Retail supermarket giants Kroger and Albertsons are planning to sell up to 300 stores—mostly in areas where the grocery chains overlap—to try to fend off antitrust challenges to Kroger’s $25B acquisition of Albertson.
The merger, announcing in October, would combine the two largest supermarket chains in the US into an entity with a nationwide footprint of nearly 5,000 stores.
Earlier this month, a class-action lawsuit filed by a group of 25 US consumers argued that the merger would result in a grocery behemoth with a 36% share of the US market at a time when inflation is still gripping food prices.
“If Kroger’s proposed acquisition of Albertsons is consummated, the companies’ combined power will be used to increase prices for groceries, decrease the quality of food, eliminate jobs, close stores and offer less choice for consumers due to the overlap in geographic areas,” the lawsuit states.
In December, the Federal Trade Commission requested additional information from Kroger as part of its regulatory review of the proposed merger. The FTC review is still underway.
The two grocery chains are trying to head off these concerns by shedding stores in regions where both companies currently have locations, a divestiture that could be worth as much as $1B, Reuters reported.
In their filings, Kroger and Albertsons said their combined companies would only control about 13% of the US grocery market.
At a hearing of the antitrust subcommittee of the US Senate’s Judiciary Committee in November, the CEOs of Kroger and Albertsons testified that the merger will enable them to compete with retail giant’s Walmart, Costco and Amazon.

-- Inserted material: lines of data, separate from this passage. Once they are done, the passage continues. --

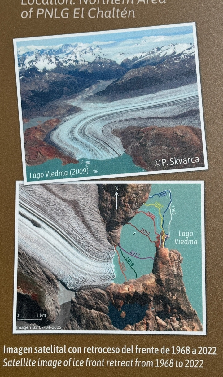 아래의 사진으로 모레노 빙하가 처한 실상이 또렷이 보인다. 위성사진에 찍힌 빙하는 1968년부터 2020년대인 지금까지 한결같이 줄어들고 있다. 아주 빠른 속도로.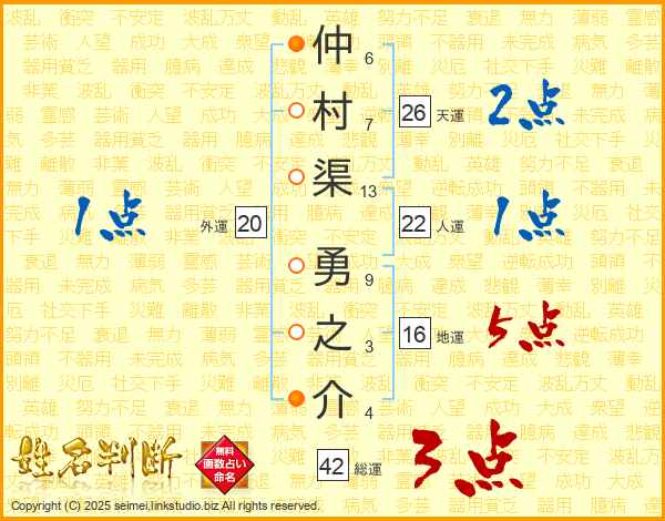 仲(6画)村(7画)渠(13画) 勇(9画)之(3画)介(4画)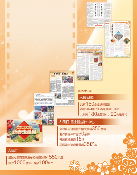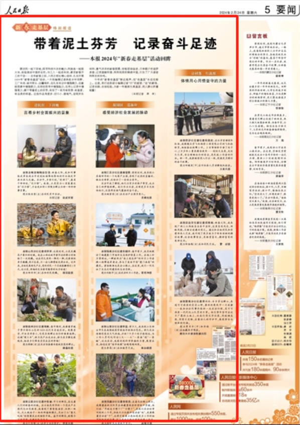 跟農民一起下田地,探尋科技興農的魅力;和旅客一起搭火車,體驗流動中國的生機;與工人一起進車間,感受新春開工的干勁……龍年新春之際,人民日報社精心組織、扎實開展2024年“新春走基層”活動,一大批編輯記者奔赴鄉村田野、工廠車間、城市街頭、邊疆哨所,在扎實采訪中增強腳力,在敏銳觀察中增強眼力,在深刻思考中增強腦力,在用心記錄中增強筆力,腳下帶著泥土的芬芳,采寫了一系列有思想、有溫度、有品質的報道。這些作品角度多、切口小、接地氣,呈現歡樂祥和、喜氣洋洋的新春圖景,定格團結奮進、只爭朝夕的追夢身姿,記錄溫暖和諧、欣欣向榮的錦繡中國,引發了廣大讀者和網友的共鳴。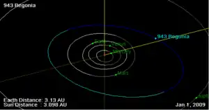 Орбита астероида Бегония, и его положение в Солнечной системе на 01.01.2009 г. Рисунок NASA JPL Small Body Orbit Viewer applet

Kroger CEO Rodney McMullen told the Senate subcommittee that the days of shoppers buying all of their groceries at the same store once a week are gone. Today’s shoppers have adapted to omni-channel offerings, buying groceries at five or six locations.
“I just don’t see less competition going forward. It’s easy for customers to take a left turn or a right turn,” McMullen said, according to a report from CBS News.
Several senators expressed skepticism at the hearing that the merger would result in lower food prices for consumers. Sen. Mike Lee of Utah noted that Kroger approved a $1B stock buyback in 2021 as food prices were skyrocketing.
“If Kroger wasn’t passing on savings to consumers when it was competing with Albertsons, then why would we think it would pass on savings after it eliminates competition?” Lee asked.
In several states, consumers may not be aware they are loyal Albertsons customers: in Massachusetts, the company operates stores under two other brands, Shaw’s (with 55 stores in the Bay State) and Star Market (which has 21 locations in Greater Boston).